Only one span of the material below is wanted. Output it exactly, from the line with "Cute Bird Sticker" through the line with "Las fiestas de", without any pictures.

:: Source records ::

=====

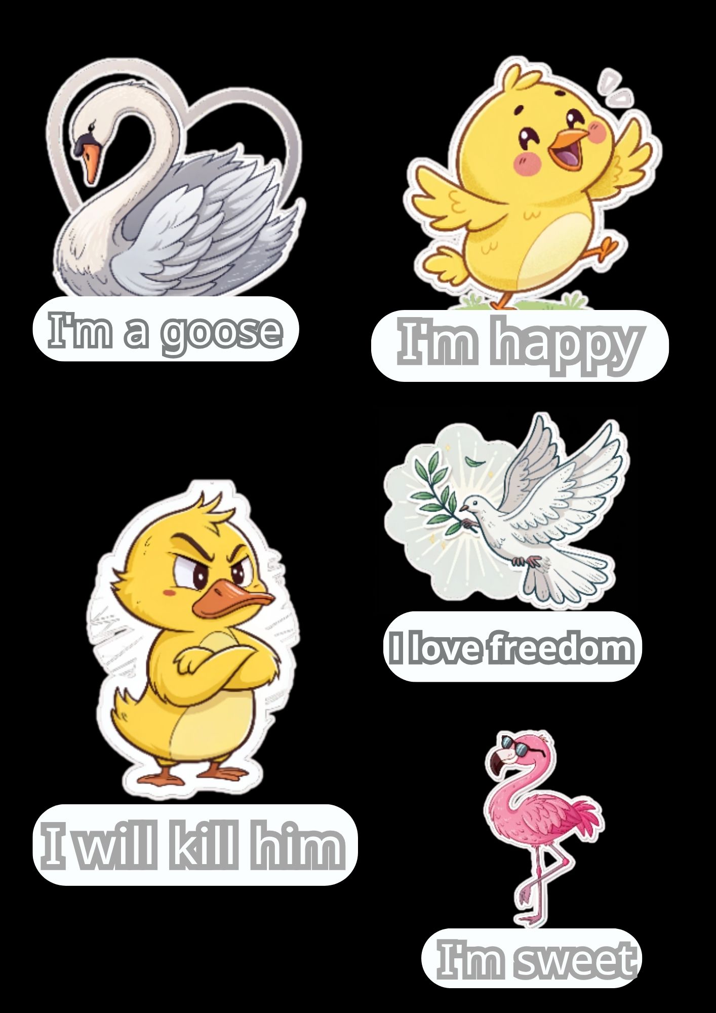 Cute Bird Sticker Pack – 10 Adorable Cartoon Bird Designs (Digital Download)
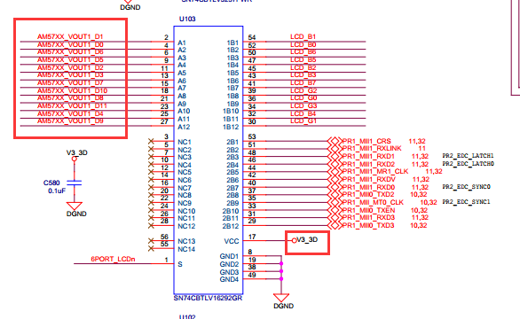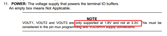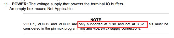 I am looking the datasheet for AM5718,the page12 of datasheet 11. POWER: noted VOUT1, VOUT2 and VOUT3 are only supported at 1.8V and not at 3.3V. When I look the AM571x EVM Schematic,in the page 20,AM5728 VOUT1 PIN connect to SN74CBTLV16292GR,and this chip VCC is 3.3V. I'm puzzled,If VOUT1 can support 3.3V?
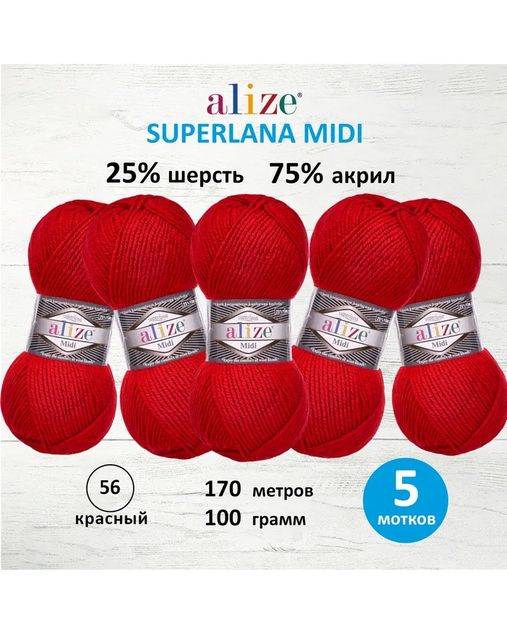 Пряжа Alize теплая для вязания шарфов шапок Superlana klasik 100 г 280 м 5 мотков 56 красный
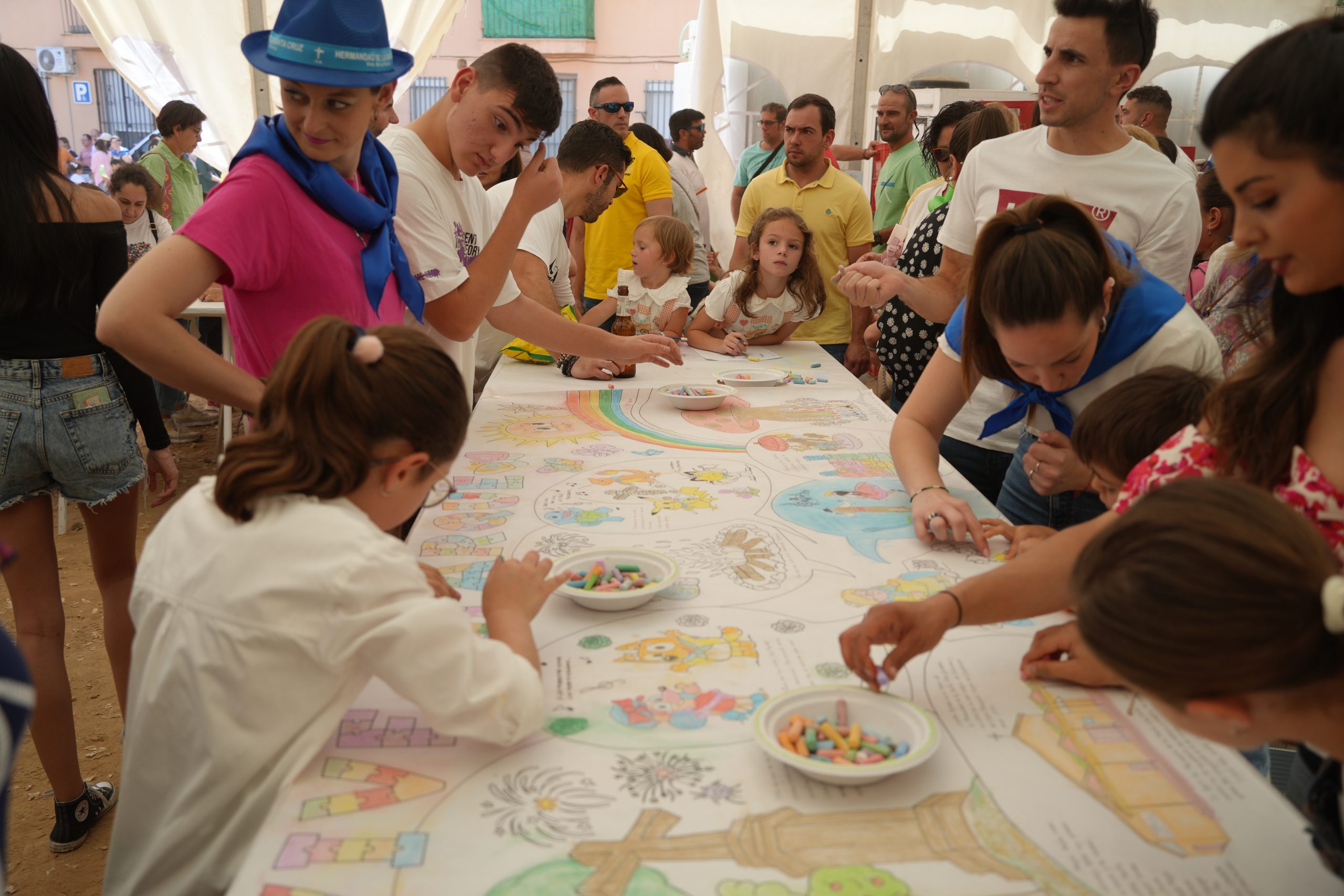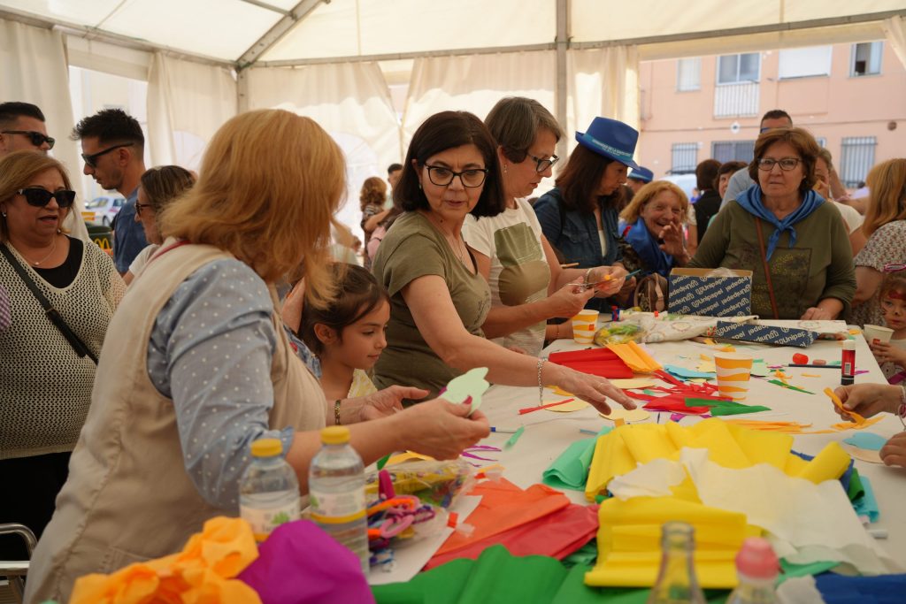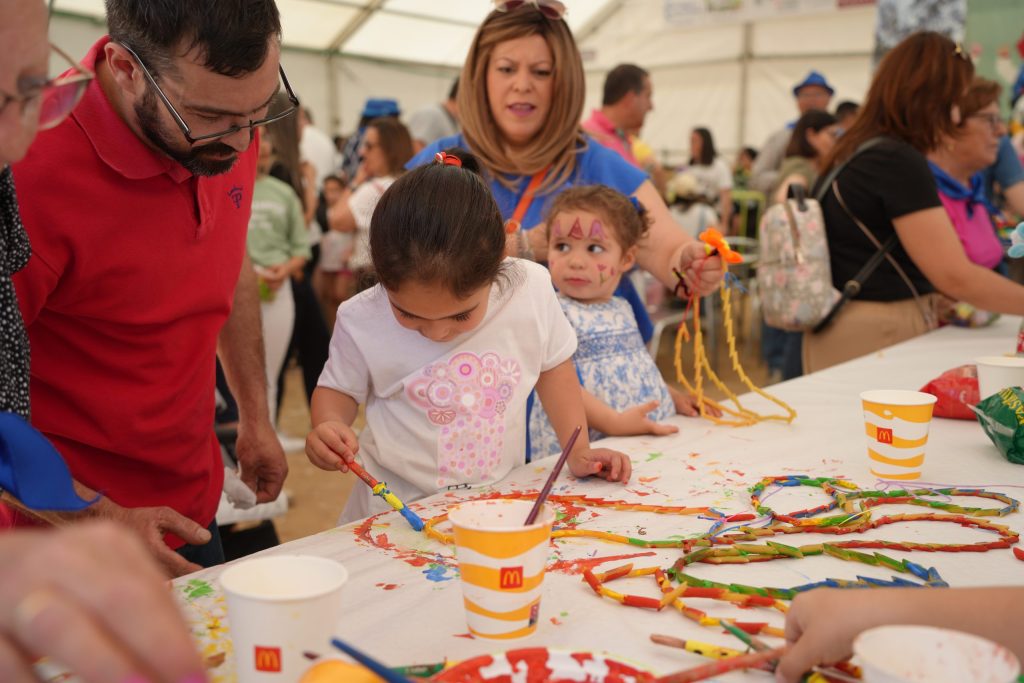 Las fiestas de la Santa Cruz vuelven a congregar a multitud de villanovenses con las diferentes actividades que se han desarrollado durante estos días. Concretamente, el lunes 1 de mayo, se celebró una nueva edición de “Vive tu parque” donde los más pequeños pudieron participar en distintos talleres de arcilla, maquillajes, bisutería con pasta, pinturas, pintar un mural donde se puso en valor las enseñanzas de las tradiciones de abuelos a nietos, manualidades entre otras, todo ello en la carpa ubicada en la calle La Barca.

=====

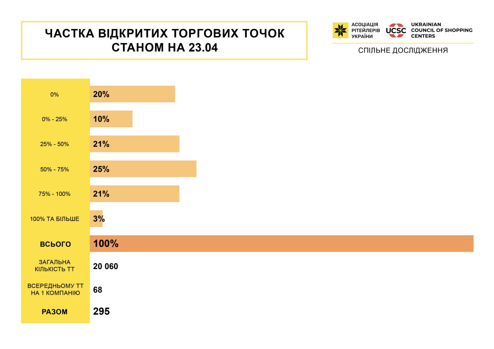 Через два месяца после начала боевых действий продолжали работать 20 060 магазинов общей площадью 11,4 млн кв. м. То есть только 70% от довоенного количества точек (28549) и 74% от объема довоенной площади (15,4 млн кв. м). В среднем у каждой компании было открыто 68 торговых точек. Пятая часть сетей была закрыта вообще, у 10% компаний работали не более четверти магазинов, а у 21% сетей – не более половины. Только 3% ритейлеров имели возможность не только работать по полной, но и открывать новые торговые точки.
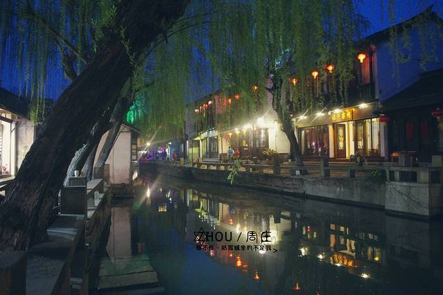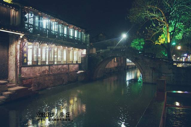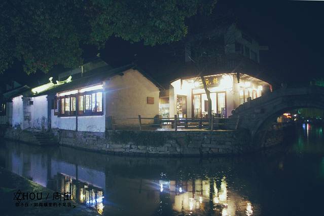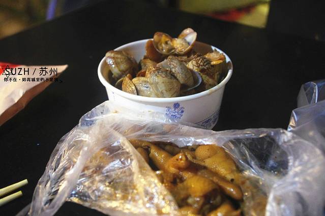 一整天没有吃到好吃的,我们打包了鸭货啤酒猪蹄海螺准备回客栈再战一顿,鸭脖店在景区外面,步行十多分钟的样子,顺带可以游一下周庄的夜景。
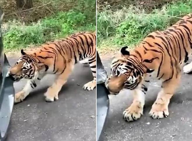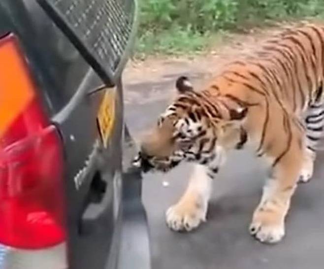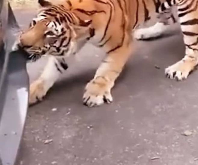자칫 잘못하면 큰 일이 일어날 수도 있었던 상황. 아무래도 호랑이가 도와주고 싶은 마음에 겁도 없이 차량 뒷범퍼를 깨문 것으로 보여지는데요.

=====

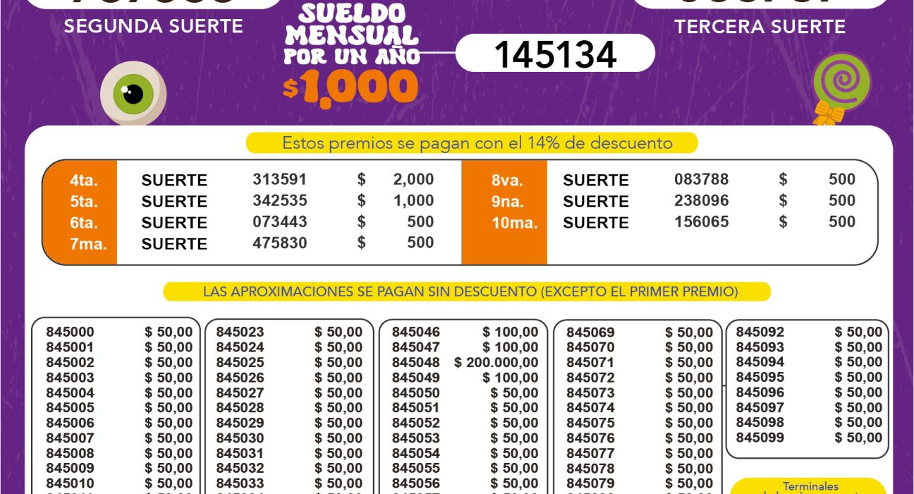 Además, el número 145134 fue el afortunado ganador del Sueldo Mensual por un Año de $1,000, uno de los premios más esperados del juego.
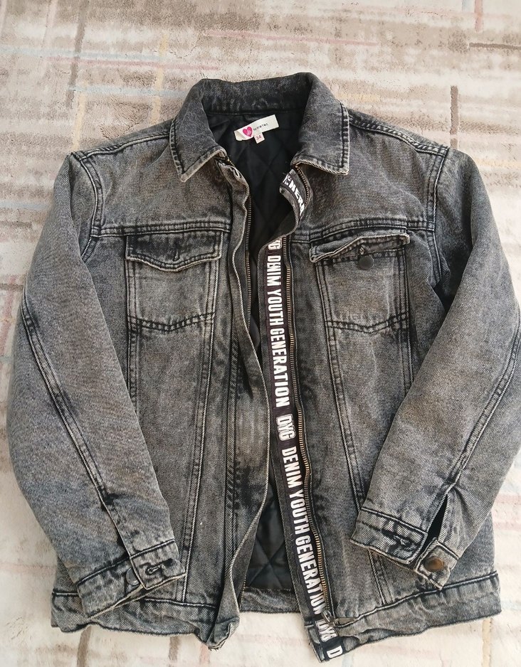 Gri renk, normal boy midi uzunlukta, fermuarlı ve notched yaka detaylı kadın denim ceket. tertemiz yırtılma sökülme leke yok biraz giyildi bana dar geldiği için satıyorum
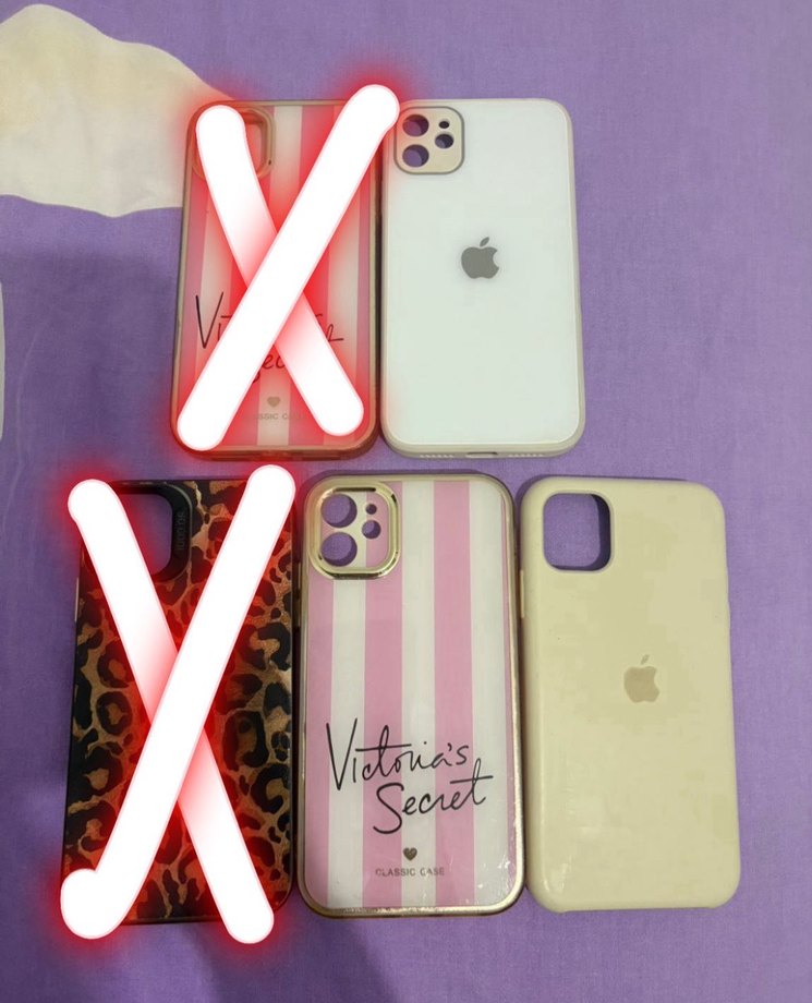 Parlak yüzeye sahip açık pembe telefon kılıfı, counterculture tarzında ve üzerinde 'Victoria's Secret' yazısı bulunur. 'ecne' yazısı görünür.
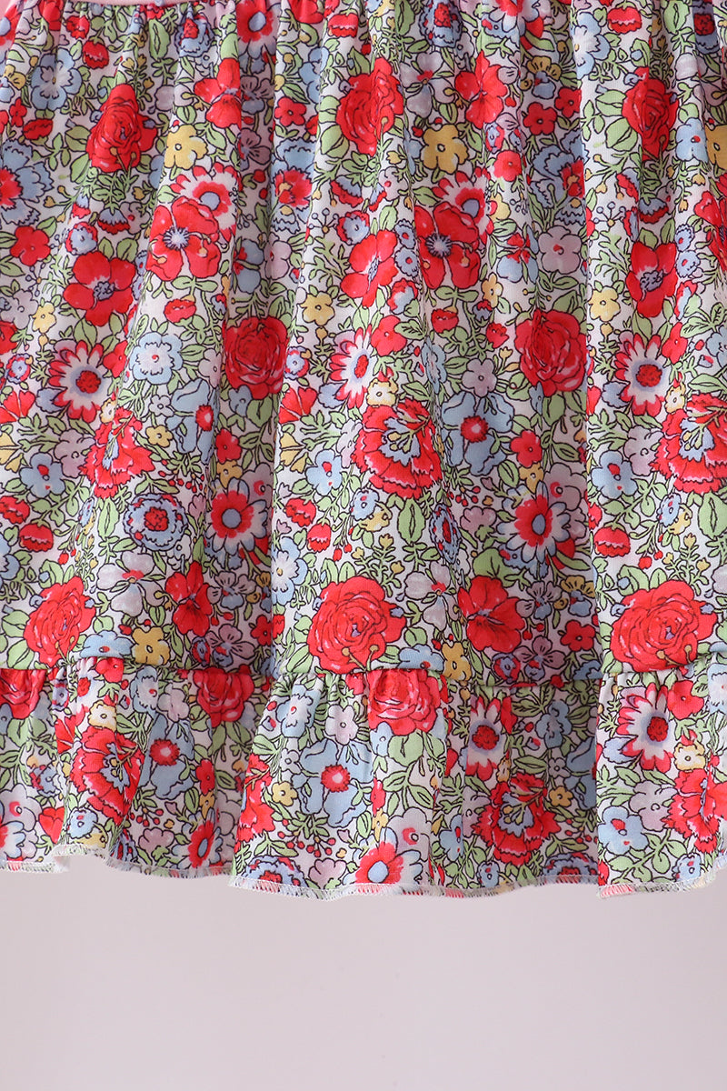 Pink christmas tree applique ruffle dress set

=====

:: Worked solution ::
 Cute Bird Sticker Pack – 10 Adorable Cartoon Bird Designs (Digital Download)
 I am looking the datasheet for AM5718,the page12 of datasheet 11. POWER: noted VOUT1, VOUT2 and VOUT3 are only supported at 1.8V and not at 3.3V. When I look the AM571x EVM Schematic,in the page 20,AM5728 VOUT1 PIN connect to SN74CBTLV16292GR,and this chip VCC is 3.3V. I'm puzzled,If VOUT1 can support 3.3V?
 Пряжа Alize теплая для вязания шарфов шапок Superlana klasik 100 г 280 м 5 мотков 56 красный
 Las fiestas de la Santa Cruz vuelven a congregar a multitud de villanovenses con las diferentes actividades que se han desarrollado durante estos días. Concretamente, el lunes 1 de mayo, se celebró una nueva edición de “Vive tu parque” donde los más pequeños pudieron participar en distintos talleres de arcilla, maquillajes, bisutería con pasta, pinturas, pintar un mural donde se puso en valor las enseñanzas de las tradiciones de abuelos a nietos, manualidades entre otras, todo ello en la carpa ubicada en la calle La Barca.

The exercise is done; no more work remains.